Gözaltındaki Beylikdüzü Belediye Başkanı Murat Çalık'tan ilk mesaj! Gözaltındaki Beylikdüzü Belediye Başkanı Murat Çalık'tan ilk mesaj!

"BAAS REJİMİ KURMAK İSTEYENLERİN NE YAPMAK İSTEDİĞİNİ GÖRÜYORUZ"

Orada yıllarca kendilerinin herhangi bilgisi bile olmadığı durumlarda biz orada Sünni, Nusayri, Alevi, Dürzi liderlerle yıllardan beri ilişkilerimizi sürdürüyoruz. Ülkemizi siyasi mezhepçilik belasından da kurtarma konusundan hassasiyetimizi en yüksek seviyede tutmaya devam edeceğiz. Baas rejimi kurmak isteyenlerin ne yapmak istediğini görüyoruz. Yıllar önce Sayın Cumhurbaşkanımız geçmişte Esad yönetimiyle görüştüğü zamanlarda oradaki Kürtlerin ve farklı mezheplerin eşit muamele görmesinden bahsediyordu. Terörle bulaşmış bütün unsurların Suriye'den temizlenmesi gerektiğini söylüyoruz. Etnik ve mezhep gruplarının Suriye'nin geleceğinde eşit rol üretmelidir.

"TÜRKİYE-ERMENİSTAN NORMALLEŞME SÜRECİ İVME KAZANACAKTIR"

Ermenistan'ın Azerbaycan'ı hedef alan yasaları birtakım anayasa maddelerini değiştirmesi son derece önemli olacaktır. Yıllarca sorunu çözmek için kurulmuş ama sorunu çözmekten çok karmaşıklığına yol açmış AGİT/MİNSK grubunun herhangi bir anlamı kalmamıştır. Bundan sonrasında bütün adımlar gerçekleştiği zaman Türkiye-Ermenistan arasındaki normalleşme süreci ivme kazanacaktır. Kafkasya barışı kazançlı çıkacaktır."

AK PARTİ-DEM GÖRÜŞMESİ

Bizim odağımız PKK'nın silahları bırakması ve kendini feshetmesidir. Ben ve Efkan Bey daha önceki süreçlerde de bulunmuştuk. Bugün gelinen noktada Sayın Devlet Bahçeli'nin tarihi çağrısı, Sayın Cumhurbaşkanımızın iradesi önemli bir fırsat penceresi araladı. Milletin değerlerinden taviz verme yaklaşımımız yok. Pazarlık gündemimizde değil.
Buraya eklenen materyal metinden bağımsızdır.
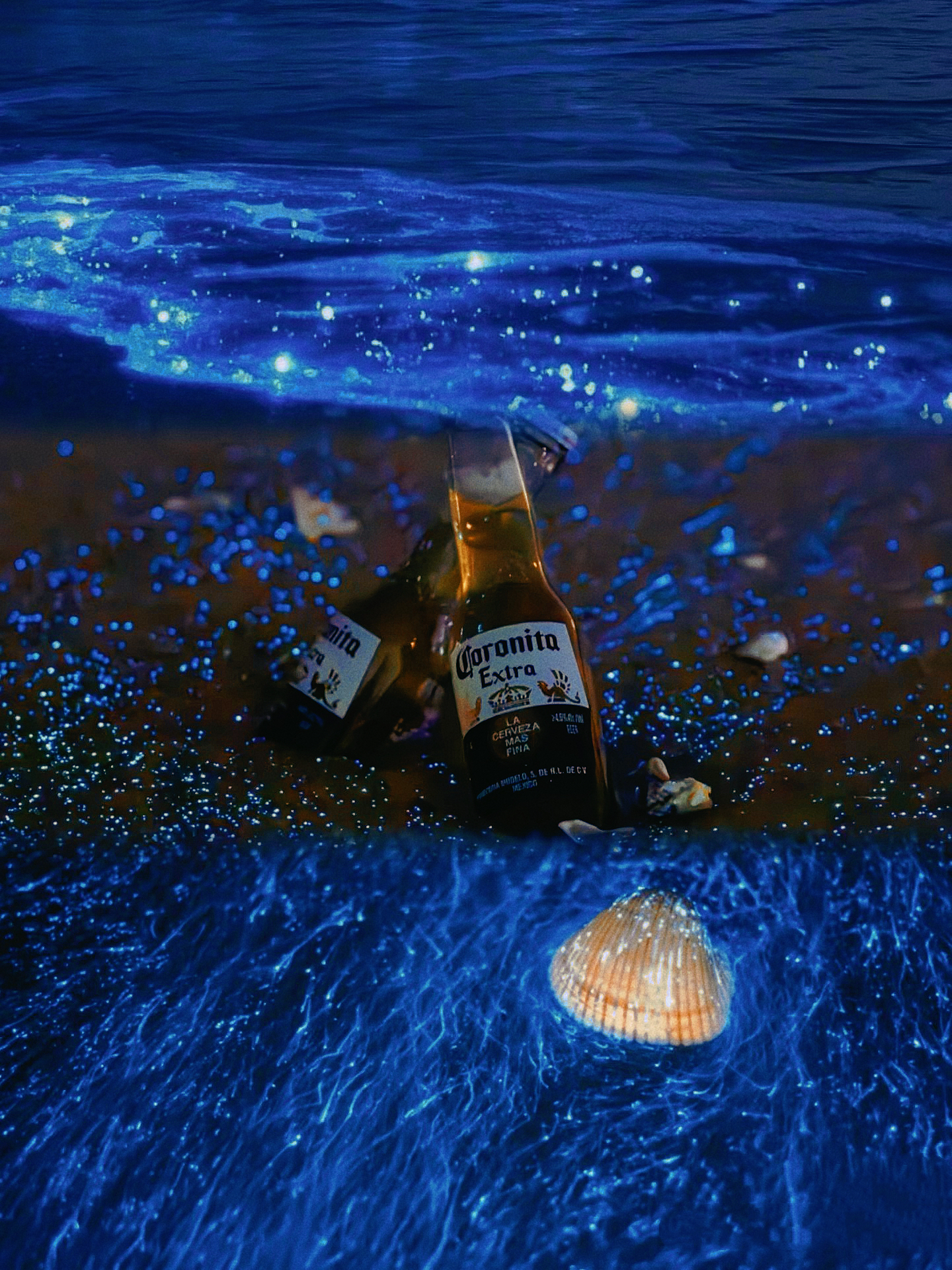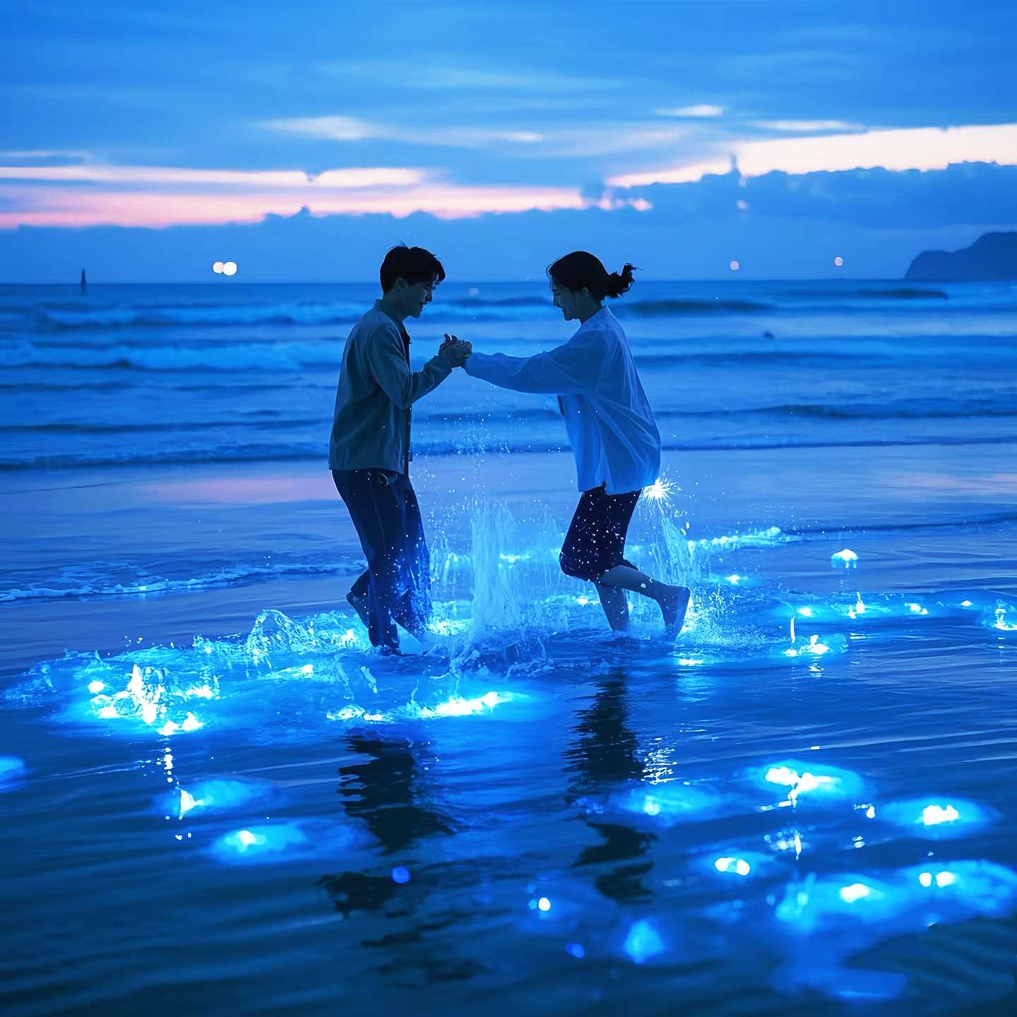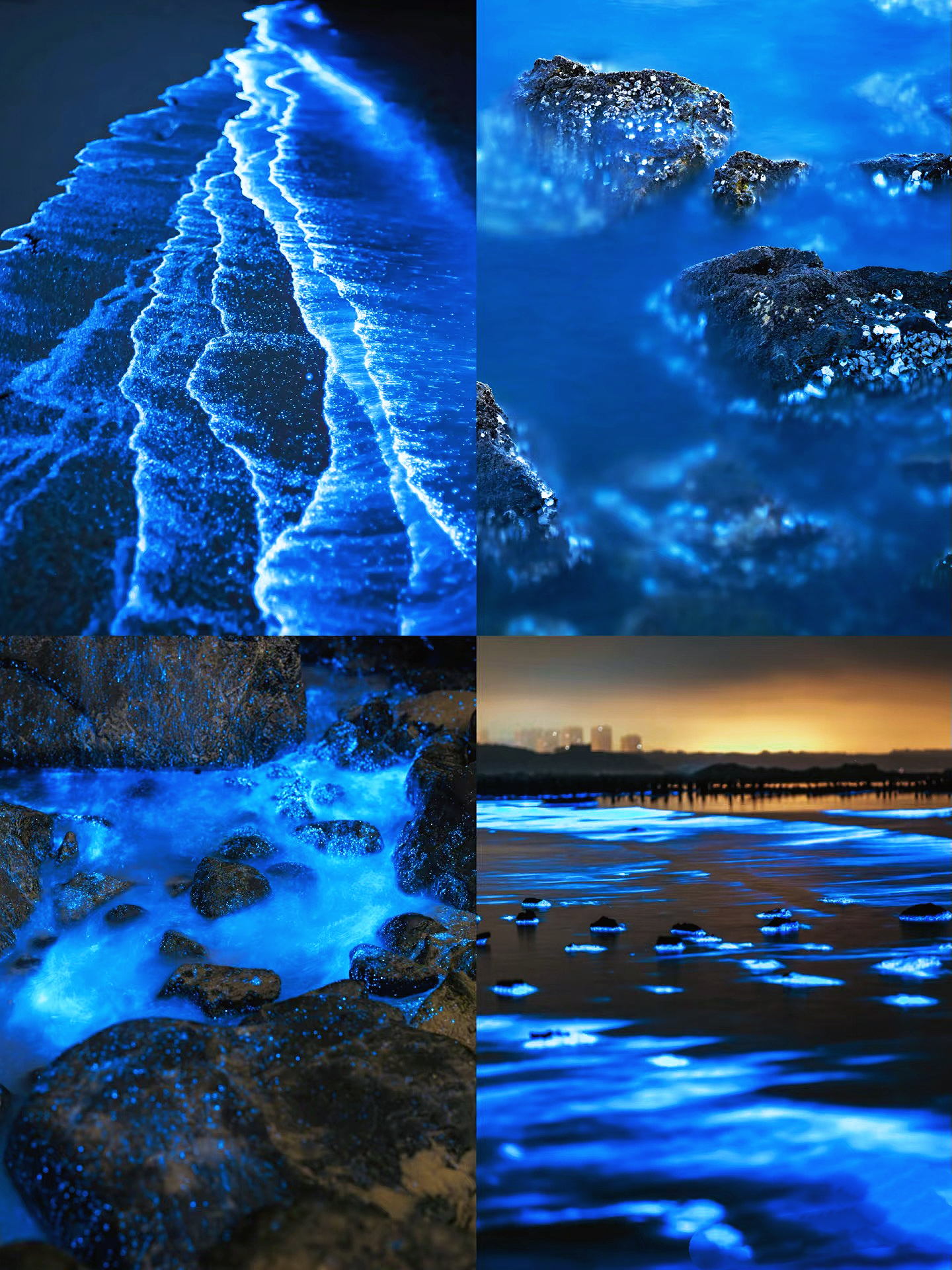 绵长的海岸线上充盈着幽蓝色的光点

Bizim meseleye yaklaşımımız Türkiye'de siyasal ve sosyal alanlardaki sorunların çözümü için demokrasi standartlarının yükseltilmesidir. Bu konuyla ilgili mesele terör örgütünün silahları bırakmasıdır. Şart olarak herhangi bir şeyin gündeme gelmemesi gerekir. PKK'nın silah bırakmasını doğrudan hedeflemeyen, ateşkes gibi bir takım geçiş kategorilerinin de olmaması gerekir. Bizim odağımız bu çerçevedir. PKK silah bırakmalıdır, bu tüm unsurlarıyla gerçekleşmelidir.

ŞAM-SDG ARASINDAKİ ANLAŞMA

Anlaşmadan sonra bazı YPG yetkililerinin bu anlaşmayı farklı yorumlamaya dönük bir takım beyanlarını duyduk. Bu meseleyi olumsuz noktaya götürür. Bu Suriye yönetimi açısından da güvenliği açısından da bizim açımızdan da olumsuzdur. Anlaşmanın maddelerinin toprak bütünlüğüne katkı verecek şekilde hayata geçmesi gerekir. Bir geçiş süreci öngörülmüş. Uzun süreçler bir sürü provokasyona açıktır. Burada tabii ki Suriye yönetimini destekleyeceğiz."